Quick answer: Yes, with hang detection and an in-game report button, freezes are captured alongside crashes. The reason is that a freeze doesn't terminate the process, so it needs hang detection or a player-triggered report rather than pure crash capture. In practice, capture every failure automatically with its stack trace, device, and build, group identical ones, and tie each to its build, and this becomes part of how you ship a stable game.
It is a fair question, and the honest answer is more useful than a one-word yes or no. Yes, with hang detection and an in-game report button, freezes are captured alongside crashes. The reason comes down to how capture actually works: a freeze doesn't terminate the process, so it needs hang detection or a player-triggered report rather than pure crash capture. This guide explains what that means in practice and how to get the most out of it.
The honest answer
Yes, with hang detection and an in-game report button, freezes are captured alongside crashes. The key thing to understand is that a freeze doesn't terminate the process, so it needs hang detection or a player-triggered report rather than pure crash capture. That is not a limitation to work around so much as a fact about how failures behave once your game is on real hardware in real hands.

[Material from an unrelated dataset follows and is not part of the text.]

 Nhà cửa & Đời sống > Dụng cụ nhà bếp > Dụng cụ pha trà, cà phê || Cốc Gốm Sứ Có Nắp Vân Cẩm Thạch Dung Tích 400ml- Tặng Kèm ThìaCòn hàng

Once you accept that, the practical implications are clear. Capture is most valuable precisely where your own visibility ends — the device you do not own, the sequence you never run, the build a player updated to — which is exactly where the failures that cost you players tend to live.
Why the report you get is never the whole story
When a player does take the time to tell you something broke, the message is almost always thin: “it crashed,” maybe a screenshot, rarely a version number, and almost never the exact steps. You are left reconstructing the scene of an accident from a single blurry photo. The information you actually need to fix the bug — the stack trace, the device, the build, the state the game was in — is precisely what a human report leaves out.

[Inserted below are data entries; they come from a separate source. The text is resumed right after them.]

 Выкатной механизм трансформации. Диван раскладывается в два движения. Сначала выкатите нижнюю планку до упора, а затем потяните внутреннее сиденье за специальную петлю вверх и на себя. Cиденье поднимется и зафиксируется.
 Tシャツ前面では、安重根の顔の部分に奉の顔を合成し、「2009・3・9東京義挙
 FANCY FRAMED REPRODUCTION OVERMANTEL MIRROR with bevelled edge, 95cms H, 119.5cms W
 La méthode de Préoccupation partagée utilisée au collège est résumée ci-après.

That is why working from manual reports alone keeps you slow. Every ticket becomes a back-and-forth interrogation, and half the time the player has moved on before you get an answer. Automatic capture removes the interrogation entirely, because the context travels with the failure the instant it happens.
Turning a pile of crashes into a ranked worklist
Raw crash data is overwhelming if every occurrence is its own line. The trick is grouping: identical failures, fingerprinted by their stack trace, collapse into one issue with a count. Suddenly the question “what should I fix first?” answers itself, because the bug hitting the most players sits at the top with the biggest number next to it.

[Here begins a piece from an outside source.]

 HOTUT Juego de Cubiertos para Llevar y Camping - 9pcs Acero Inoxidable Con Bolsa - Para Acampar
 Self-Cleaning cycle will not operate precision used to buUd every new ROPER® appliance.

That ordering is what makes a small team effective. You are never going to fix everything, but you do not have to. Fixing the top few signatures usually removes the large majority of real-world failures, and prioritising by frequency means your limited hours always go to the bug that matters most right now.
What good context actually looks like
The difference between a bug you fix in five minutes and one you chase for a week is almost always context. A bare error message tells you something went wrong; a useful report tells you where, on what, after what sequence of actions, in which build. Stack trace, device model, OS version, available memory, and the breadcrumb trail of recent events are the fields that turn guessing into reading.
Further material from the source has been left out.